1 big thing: Welcome to Dow 32K!
Illustration of bull statue with confetti and party hat.

Illustration: Sarah Grillo/Axios

 

The Dow Jones Industrial Average rose to a record high on Wednesday, closing above 32,000 for the first time and seeming to cement a changing of the guard for U.S. equities.

What's happening: So far in 2021, the Dow's mix of financial, health care and retail companies has outperformed the tech heavy Nasdaq, thanks in large part to a rise in U.S. interest rates.

  • The increasing cost to borrow has investors writing down the value of not just Big Tech and social media companies, but also fintech and clean energy while betting big on oil, banks and airlines.

Be smart: The bounce in the Dow can also be seen as a catch-up rally for stocks that were unloved during the pandemic, as investors see a light at the end of the COVID-19 tunnel, with vaccine numbers rising and infection numbers dropping.

  • Earnings too have rebounded strongly with nearly 80% of S&P 500 companies reporting a positive EPS surprise in the fourth quarter of 2020, the third-highest percentage since FactSet started tracking the measure in 2008.
  • Analysts also are marking up their expectations for the first quarter of 2021. First quarter bottom-up EPS estimates have increased by 5%, the second-highest increase during the first two months of a quarter since FactSet began tracking the metric in 2002.

By the numbers: For the year, the Dow has outperformed the Nasdaq marginally, gaining 5.5% to the Nasdaq's 1.4%.

  • Much of that separation has been made in the past two months. Since Feb. 1, the Dow has risen 6.9% while the Nasdaq has fallen 2.5%.

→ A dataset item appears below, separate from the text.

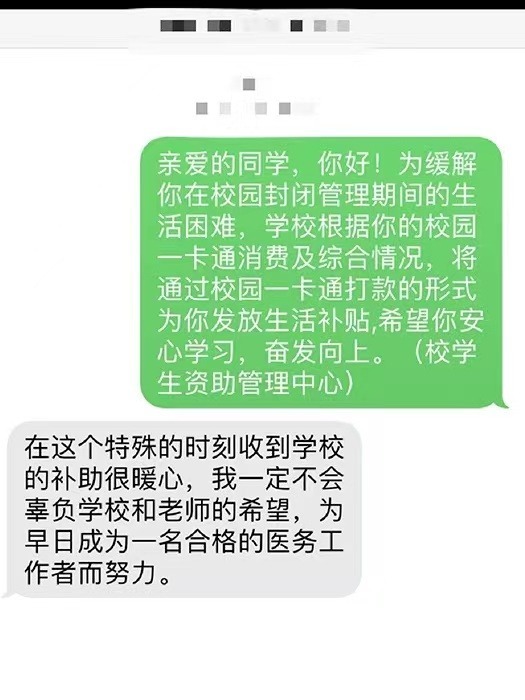“亲爱的同学,你好!为缓解你在校园封闭管理期间的生活困难,学校根据你的校园一卡通消费及综合情况,通过校园一卡通打卡的形式为你发放生活补贴……”

Watch this space: Even the Nasdaq's feeble recovery in recent days seems to have been fueled by hedge funds that were forced to cut back on short bets against the Nasdaq to limit losses rather than genuine interest or dip buying, Bloomberg reports.

  • While hedge funds were net buyers of stocks for a fifth straight day, short covering outpaced long sales by a ratio of 4 to 1 on Tuesday, according to data from Goldman Sachs' prime brokerage unit.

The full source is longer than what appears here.